> _Assignment_: Whatever comes before the line containing "Sorte bukser fra" stays out; transcribe that line and all that follow to the end of the records exactly, with no pictures.
(Beginning of Raw data)
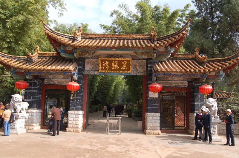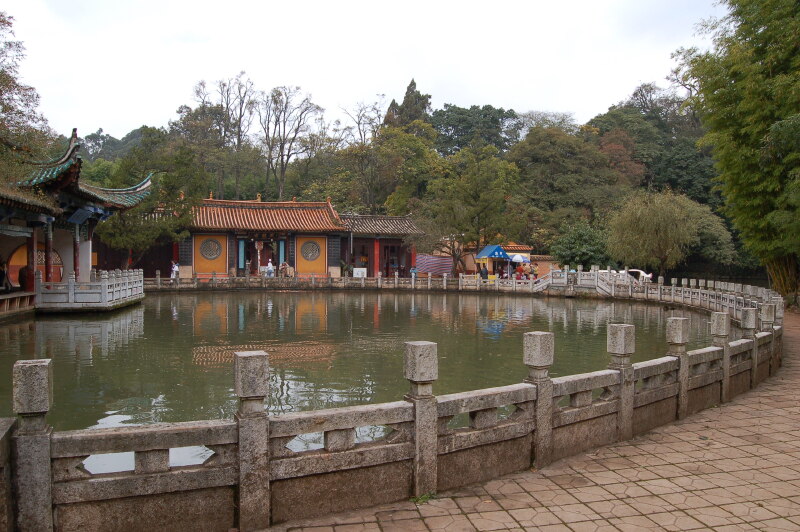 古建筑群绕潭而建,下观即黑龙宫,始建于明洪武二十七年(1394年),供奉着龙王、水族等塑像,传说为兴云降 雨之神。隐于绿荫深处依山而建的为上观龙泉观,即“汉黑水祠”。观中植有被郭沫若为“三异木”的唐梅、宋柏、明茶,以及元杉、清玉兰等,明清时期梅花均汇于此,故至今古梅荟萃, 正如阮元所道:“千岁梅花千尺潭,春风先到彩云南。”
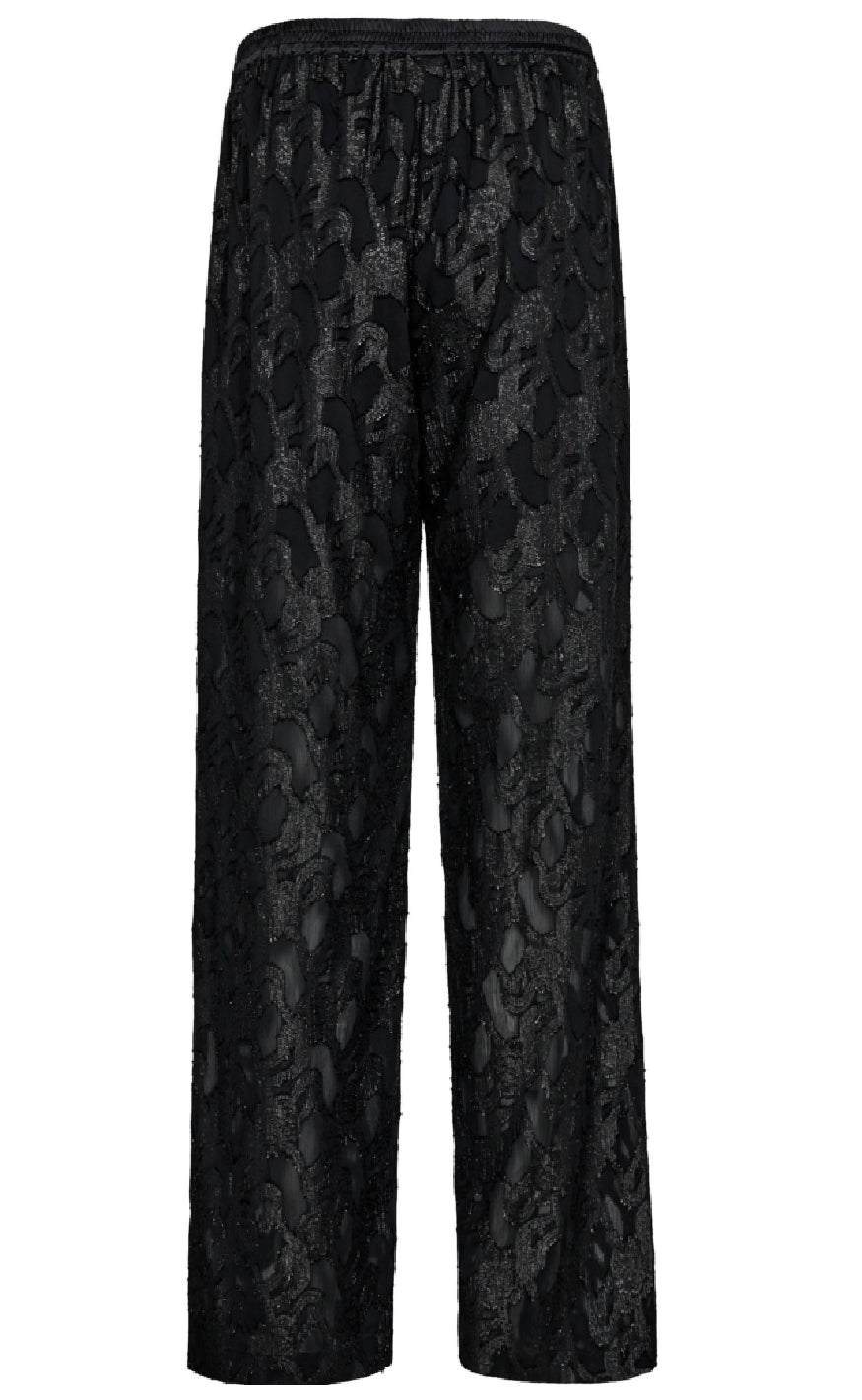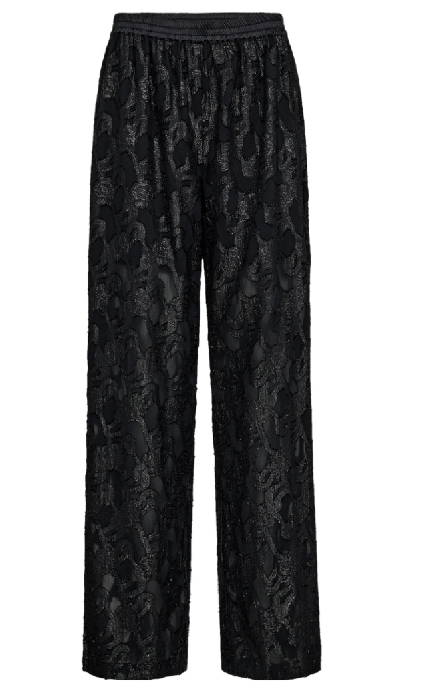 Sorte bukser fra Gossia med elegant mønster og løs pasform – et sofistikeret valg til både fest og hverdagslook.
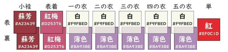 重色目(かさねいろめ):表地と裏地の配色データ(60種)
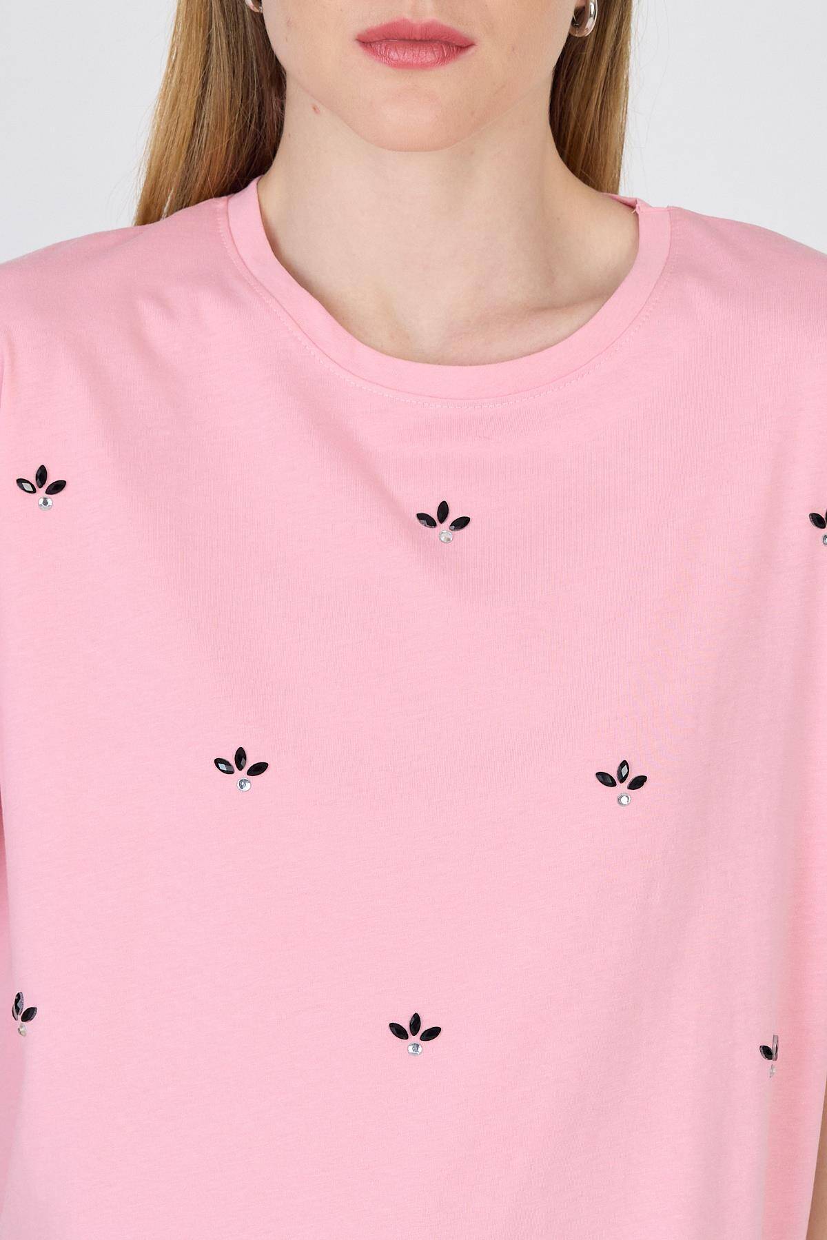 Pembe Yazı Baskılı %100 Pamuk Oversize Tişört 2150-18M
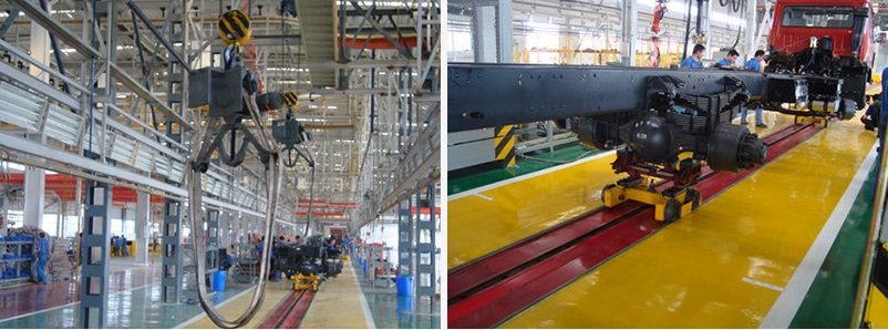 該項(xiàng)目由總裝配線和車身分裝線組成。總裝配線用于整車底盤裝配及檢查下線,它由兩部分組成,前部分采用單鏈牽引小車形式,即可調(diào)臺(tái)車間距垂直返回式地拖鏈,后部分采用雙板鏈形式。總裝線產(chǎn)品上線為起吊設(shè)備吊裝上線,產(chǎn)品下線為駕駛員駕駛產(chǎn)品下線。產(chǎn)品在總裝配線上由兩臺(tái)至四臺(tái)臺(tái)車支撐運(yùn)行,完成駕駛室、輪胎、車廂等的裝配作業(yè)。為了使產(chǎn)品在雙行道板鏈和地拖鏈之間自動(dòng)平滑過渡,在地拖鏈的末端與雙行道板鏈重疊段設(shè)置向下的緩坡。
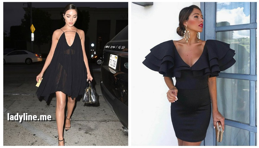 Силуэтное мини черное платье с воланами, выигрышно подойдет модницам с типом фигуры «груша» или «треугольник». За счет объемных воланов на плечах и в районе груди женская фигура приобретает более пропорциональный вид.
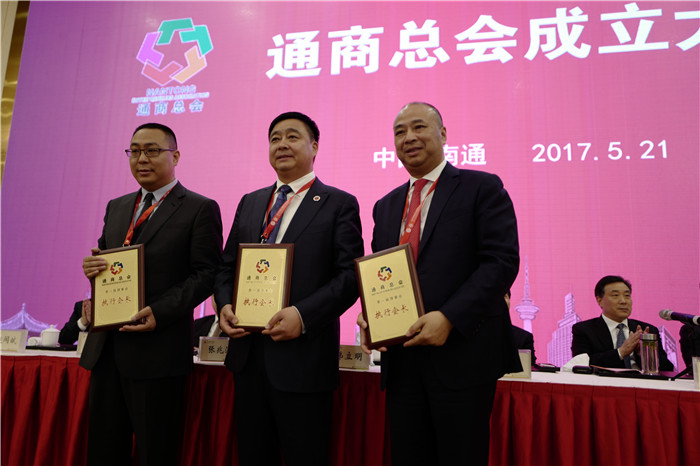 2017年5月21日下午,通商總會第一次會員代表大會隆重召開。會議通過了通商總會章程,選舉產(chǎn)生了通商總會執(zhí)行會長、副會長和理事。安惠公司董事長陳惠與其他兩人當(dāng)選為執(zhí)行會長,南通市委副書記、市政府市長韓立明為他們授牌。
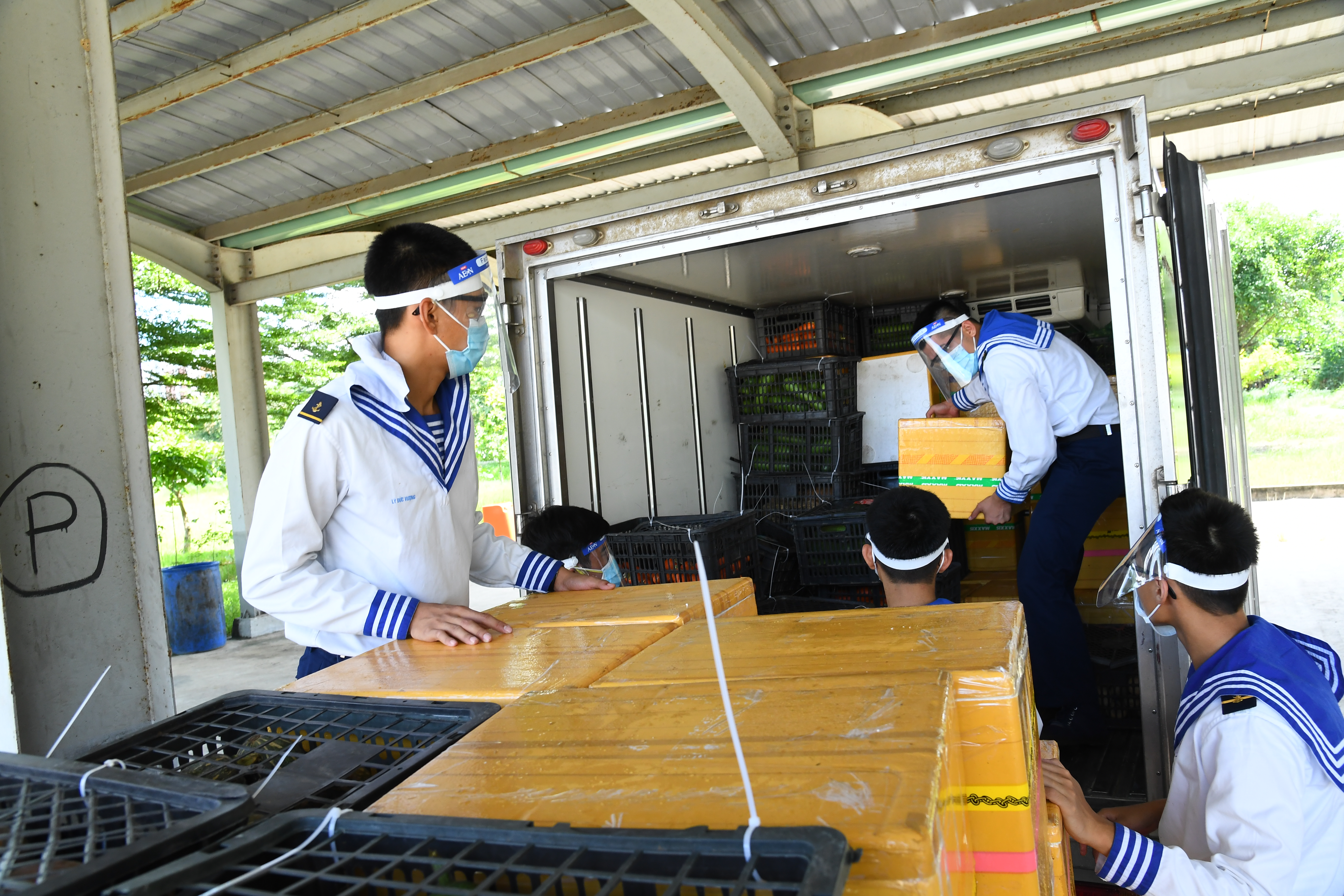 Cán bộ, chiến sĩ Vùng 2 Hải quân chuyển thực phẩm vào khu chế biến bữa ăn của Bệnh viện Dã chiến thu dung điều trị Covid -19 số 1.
(End of Raw data)
> _Result_:
 Sorte bukser fra Gossia med elegant mønster og løs pasform – et sofistikeret valg til både fest og hverdagslook.
 重色目(かさねいろめ):表地と裏地の配色データ(60種)
 Pembe Yazı Baskılı %100 Pamuk Oversize Tişört 2150-18M
 該項(xiàng)目由總裝配線和車身分裝線組成。總裝配線用于整車底盤裝配及檢查下線,它由兩部分組成,前部分采用單鏈牽引小車形式,即可調(diào)臺(tái)車間距垂直返回式地拖鏈,后部分采用雙板鏈形式。總裝線產(chǎn)品上線為起吊設(shè)備吊裝上線,產(chǎn)品下線為駕駛員駕駛產(chǎn)品下線。產(chǎn)品在總裝配線上由兩臺(tái)至四臺(tái)臺(tái)車支撐運(yùn)行,完成駕駛室、輪胎、車廂等的裝配作業(yè)。為了使產(chǎn)品在雙行道板鏈和地拖鏈之間自動(dòng)平滑過渡,在地拖鏈的末端與雙行道板鏈重疊段設(shè)置向下的緩坡。
 Силуэтное мини черное платье с воланами, выигрышно подойдет модницам с типом фигуры «груша» или «треугольник». За счет объемных воланов на плечах и в районе груди женская фигура приобретает более пропорциональный вид.
 2017年5月21日下午,通商總會第一次會員代表大會隆重召開。會議通過了通商總會章程,選舉產(chǎn)生了通商總會執(zhí)行會長、副會長和理事。安惠公司董事長陳惠與其他兩人當(dāng)選為執(zhí)行會長,南通市委副書記、市政府市長韓立明為他們授牌。
 Cán bộ, chiến sĩ Vùng 2 Hải quân chuyển thực phẩm vào khu chế biến bữa ăn của Bệnh viện Dã chiến thu dung điều trị Covid -19 số 1.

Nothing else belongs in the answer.